TALKING LUCK: Dr Hallam Stevens, one of seven speakers at the TED conference, said that we can create our own luck.
PHOTO: VICTOR LI QI
Luck can be created, and we are creating luck every day.
That is according to John Lansing, an ecologist and a visiting professor of Anthropology from the University of Arizona who explained that we create luck subconsciously according to how we think and act. “We make our own luck from problem resolution,” he said.
He cited the example of farmers living along a hillside river in Bali who made their own luck by solving their farming problem. To increase farmable land, they began carving stepped terraces out of steep slopes of hills in order to increase their yield of rice crops and survive.
These rice terraces also allow crops to be watered by rainwater flowing down from hilltop forests, and have become a very efficient way of growing crops, growing enough to feed more than a thousand people per square kilometre. Dr Lansing said that the farmers were trying to solve their problem, but as a result, found a solution that optimises irrigation flows and crop productivity for many countries.

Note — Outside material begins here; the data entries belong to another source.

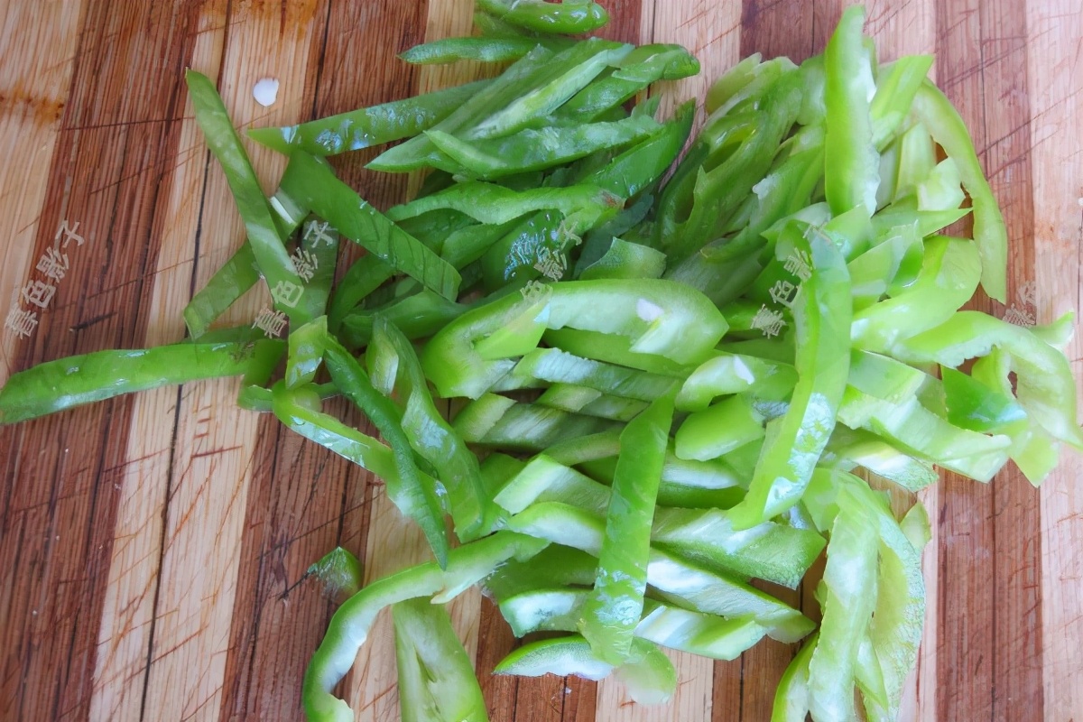 食材;猪肉1块,植物油1勺,尖椒2个,干豆腐1张,酱油1勺,盐1勺。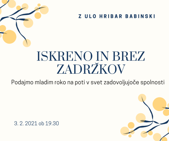 Iskreno in brez zadržkov: podajmo mladim roko na poti v svet zadovoljujoče spolnosti. Pogovorni večer z Ulo Hribar Babinski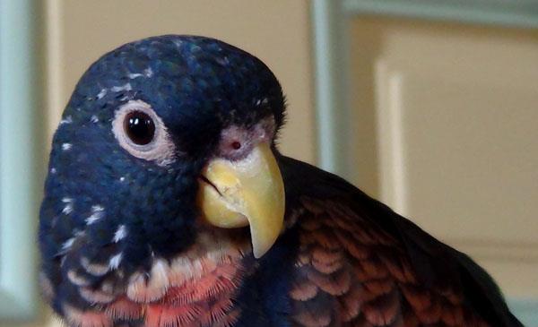 個(gè)性膽小的它們比較容易緊張,另外該物種的呼吸道比較脆弱,很容易感染霉菌所引起的真菌性疾病,若人工養殖,此期間需要多補充維他命A。野外主要以水果、堅果、漿果、種子以及樹(shù)上的花朵為食。人工飼養主要以喂食水果、殼類(lèi)種子、向日葵、綠色植物等。居住要選用堅固的金屬而有足夠空間以供活動(dòng)的烏籠。
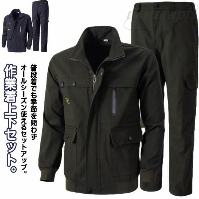 作業服 メンズ 上下セット ジャケット ロングパンツ 2点セット ミリタリー カーゴパンツ 長袖 作業着 ワークマン ワークウェア 作業着 丈夫 耐磨耗 ユニフォーム 制電 車 自転車 ガーデニング 掃除 工場 工事 現場 機能性 送料無料 春 秋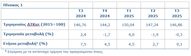 Συγκεκριμένα σύμφωνα με την προκαταρκτική εκτίμηση της Στατιστικής Υπηρεσίας, ο ΔΤΚατ για το τρίτο τρίμηνο του 2025, υπολογίζεται στις 146,86 μονάδες. Ως εκ τούτου σε σύγκριση με το δεύτερο τρίμηνο του 2025, ο ΔΤΚατ παρουσίασε μείωση κατά 0,3%, ενώ σε σχέση με το αντίστοιχο τρίμηνο του 2024 σημείωσε αύξηση κατά 0,1%. Πρόκειται για την μικρότερη ετήσια αύξηση από το 2022, περίοδο από την οποία ο Δείκτης καταγράφει συνεχή άνοδο.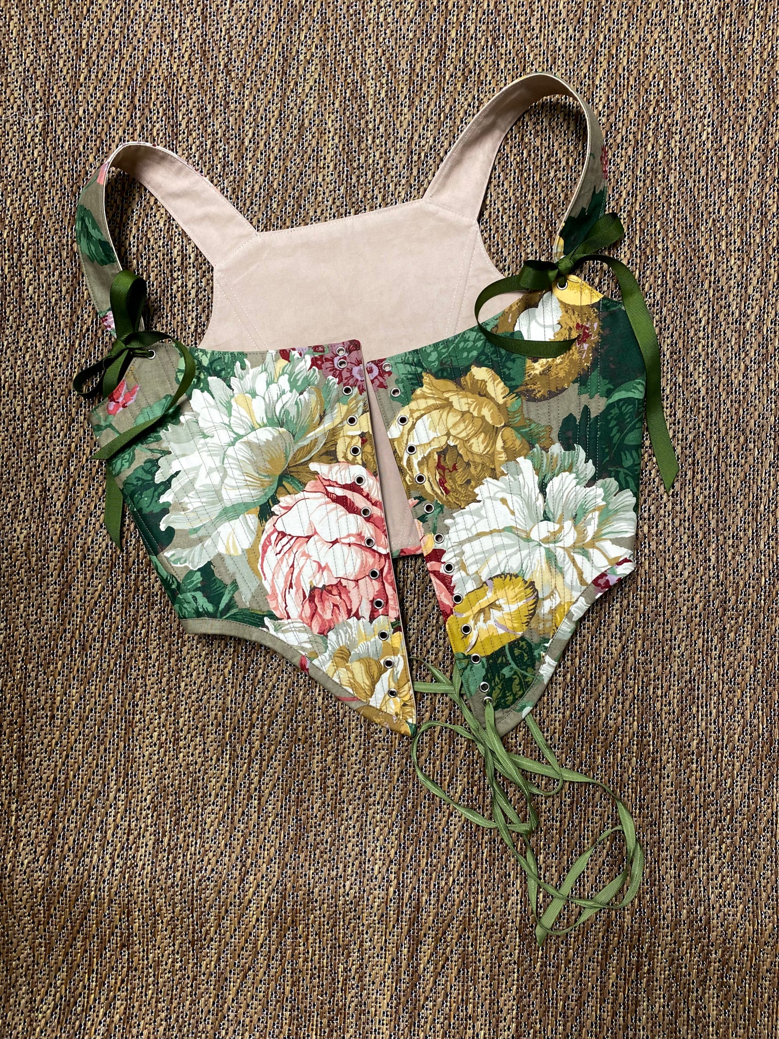 Front lacing floral stays in plain cloth (tbd) with tabs 💚🌻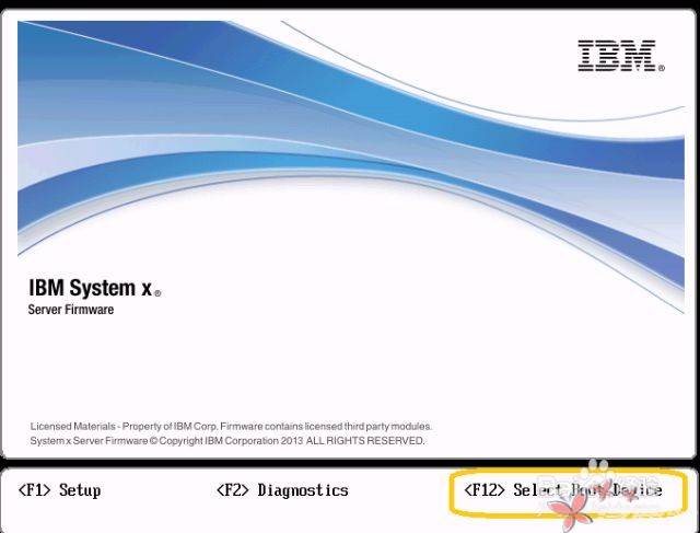 重启服务器,进入如下界面,选F12,进入界面选CD/DVD为第一启动项,等待启动,启动后出现一个提示界面“按任意键。。。。”,按下任意键就OK了,进入安装系统状态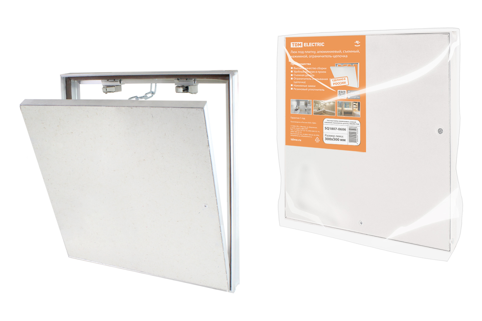 Наименование: Люк под плитку, алюминиевый, съемный, нажимной, ограничитель-цепочка, 300х500, TDM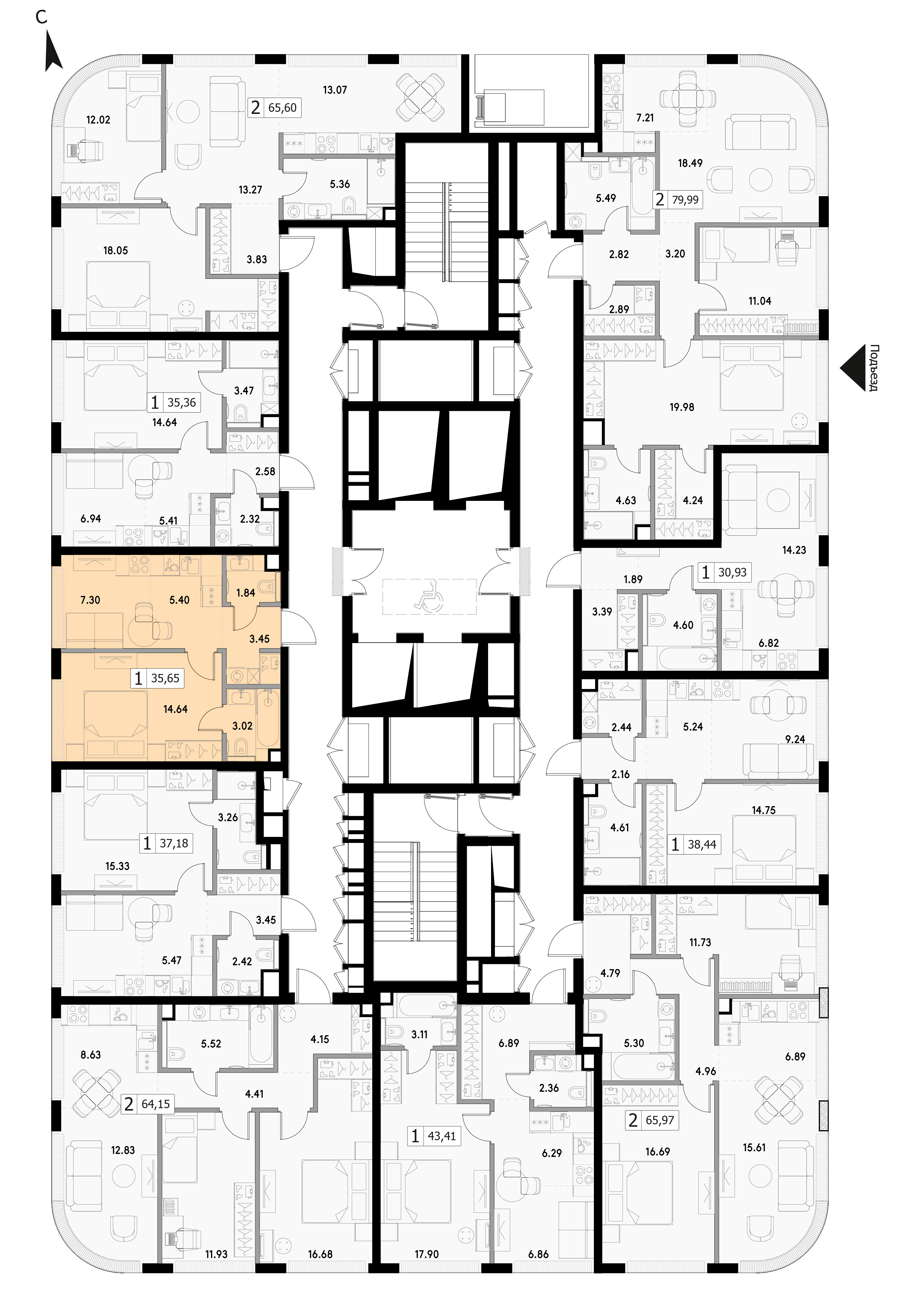Однокомнатная квартира 35.65 м², 32 этаж, ЖК «ВЕЕР» (VEER)

He was one of seven speakers at this year’s TEDxNTU conference held at the Lee Kong Chian Lecture Theatre on 19 Oct. This year’s conference, entitled The Luck Factor, had speakers from universities both local and abroad giving their take on how luck affects our lives.
Returning for its third year, TEDxNTU is an independently organised offshoot of the global brand Technology, Entertainment, Design (TED).
The original TED conferences, held annually in the US since 1990, have had Al Gore, Bill Gates and Jamie Oliver among its list of distinguished speakers.
Mr Vivek Manoharan, 25, leader of the team that organised this year’s TEDxNTU conference, said: “We chose the topic of luck because it is present in our everyday life, and it is a mysterious, intangible, and intriguing topic to boot.”
Luck is commonly defined as a chance happening of fortunate or adverse events that one does not have control over. But speakers at this year’s conference appeared to have little belief in the element of mystery in luck.
Dr Preston Greene, 29, an assistant professor of philosophy at NTU, said: “Whether other people view our successes as due to luck or skill can have a huge impact on our self-esteem.
“Self-perception affects how confident we are of succeeding, be it achieving good grades, making a team, or getting a job.”
In short, he explained that the more we view ourselves as skillful, the more successful we would be.
However, some students weren’t convinced that one’s fate has to do with self-perception. Shereen Ng, 20, a second-year student from the Renaissance Engineering Programme, still believed that luck largely determined the course of one’s life. She said: “I believe that no one can alter our births. It is by luck, or chance, that we are born into a wealthy or poor family.”
“If it is by luck that I’m born into a wealthy family, then I will have better and more opportunities to receive education. With education come skills, and skills will allow me to draw a higher salary and afford a higher standard of living,” she said.
“All that is not likely if I’m born into poor family,” she added.